Before we hit the road and head to Besalú, I want to introduce you to a peculiar little place we stopped by near Girona – Banyoles. It’s got all the pueblo essentials: a Plaza Mayor, sunny terrazas for tapas and café, cute old folks taking paseos. Check, check and check.



I suppose it’s most noteworthy for its lake, which was the rowing location for the ’92 Olympics and also for the World Rowing Championships in 2004. That’s cool.



But there’s one other thing that I think it’s famous for – rather, that I’VE decided it’s famous for: These river thingies (oh my brilliant and vast vocabulary!) lining the streets. They’re like modern-art canals that kiss the city walls and slither around its corners. I became obsessed.



Sure they might just seem like silly water canals running through the city, but they caused my imagination to run wild. Like, how often do kids fall in them? What about the elderly? And do staggering drunks ever take a tumble?


Being the curious question-asker that I am, I fired off an email to my friends (let’s pretend we’re friends) at the tourism office, and sure enough, they satisfied my curiosity.

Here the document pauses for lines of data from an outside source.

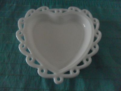 White Milk Glass Heart Shaped Dish w/ Lacy Edge HTF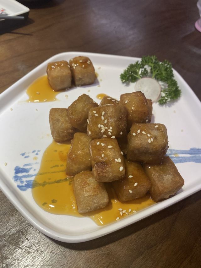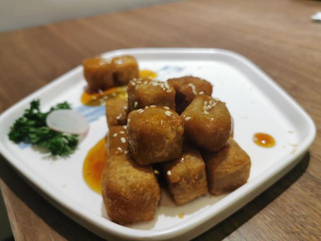 樊老饕的美食饕餮之旅秋冬季午后阳光正好,适合带老婆和宝宝出去放风晒太阳,今天一路成功大道开车来沙坡尾 在沙坡尾逛吃逛吃,然后到双子塔看夕阳,正要去找餐厅吃晚餐,往双子塔方向走,就发现这家隐海肴了。 门店看起来挺大的,整体落地玻璃,坐在里面吃饭刚好可以看海景! 这家店在商场内,逛商场里面也有个入口,一进去可以看到鲜活海鲜池,餐厅以四人桌为主,适合朋友聚餐、家庭聚餐等。 店内临近座位还用粉色白色的海洋球隔开,带孩子来吃饭,孩子们都很喜欢! 菜品 黑枸杞泡水的养胃茶,身为一个30岁的中老年人了,养生走起! 龙胆斑被大厨🏻精心切片摆盘,每一片鱼片搭配新鲜木耳,鱼肉很嫩,木耳鲜脆可口! 酒香红焖农家鸭,闻起来很香,中规中矩,肉质有点咬不动! 手工鼓汁芋方酥,老婆最爱芋头,外酥里嫩,一口香酥。 最后有肉有鱼,少不了的蔬菜,很嫩,好吃 隐海肴|海鲜餐厅(双子塔海景店) 📍地址:演武西路世茂海峡大厦商场182号 人均:100-120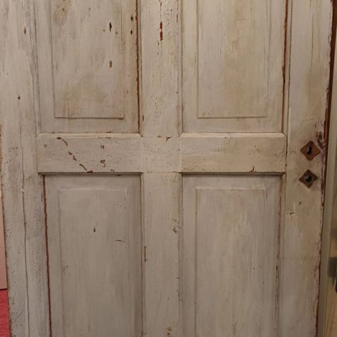 Leveys 81cm & korkeus 200cm. Ulkopuolelta paklattu joitain kohtia, mutta muuten ok kunnossa. Kestävä vanha keittiön ovi.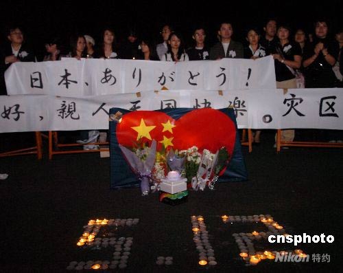 5月18日晚,150余位在日華人華僑和留學生自發(fā)來到東京市中心的新宿中央公園舉行燭光祈福活動,悼念5·12四川大地震遇難者。他們胸戴小白花、手持蠟燭,并打出“孩子一路走好”、“親人天國快樂”、“災區(qū)人民挺住”等橫幅。中新社發(fā) 朱沿華 攝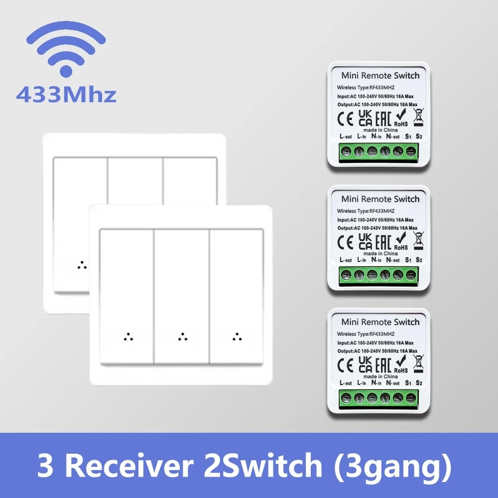 RF 433MHz Wireless Smart Wall Light Switch Panel Remote Control Mini Relay Receiver 1/2/3 Gang Push Button for LED Lightings Fan  Read more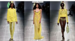 Infine ci sarà tanto colore legato ai toni caldi e vitaminici del giallo e dell’arancio. Da sempre la moda riflette il periodo storico che sta vivendo, e spesso cerca di trasmettere un messaggio positivo di fronte a tanta desolazione. Non a caso giallo, arancio, lime, sono tutte tonalità che vibrano ottimismo e felicità, armonia e libertà. Ci auguriamo di indossarle nella prossima primavera in un clima di maggiore pace e serenità.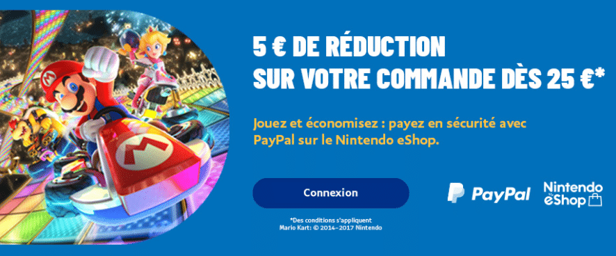 Une offre plutôt sympa si vous avez l’habitude d’acheter des jeux sur l’eShop de Nintendo : bénéficiez de 5€ de remise immédiate dès 25€ d’achats en payant par Paypal !

The “river thingies” are actually called recs, and come from a medieval infrastructure (measuring 33 kilometers in length – oh snap!) originally created to water cultivated land, and eventually to generate factory mills. The artificial versions – that I suppose more or less form the basis for what we see now – were actually created by brilliant Benedictine monks from nearby Monasterio de Sant Esteve sometime after the 9th century. Neato, right?

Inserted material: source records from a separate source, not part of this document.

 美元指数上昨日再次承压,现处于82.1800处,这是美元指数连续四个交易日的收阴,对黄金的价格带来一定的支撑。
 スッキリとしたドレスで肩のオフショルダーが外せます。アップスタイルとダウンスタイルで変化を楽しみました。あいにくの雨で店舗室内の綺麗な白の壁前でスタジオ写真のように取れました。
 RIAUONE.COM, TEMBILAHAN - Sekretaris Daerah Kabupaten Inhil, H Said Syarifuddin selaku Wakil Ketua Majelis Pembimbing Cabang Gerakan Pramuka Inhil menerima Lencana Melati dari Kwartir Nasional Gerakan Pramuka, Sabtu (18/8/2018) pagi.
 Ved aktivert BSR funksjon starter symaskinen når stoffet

And as hazardous as they might seem, the recs apparently don’t cause much of a problem. Locals are used to them – in fact, if anything they serve as entertainment for little kiddies who like to splash in them, or simply let their paper boats set sail.



So there you have it. A cute little story about a cute little town and the river (ish) that runs through it.


Disclosure: I traveled through Catalonia as a guest of Charming Villas Catalonia. Rest assured that I’m keeping it real – all opinions are entirely my own.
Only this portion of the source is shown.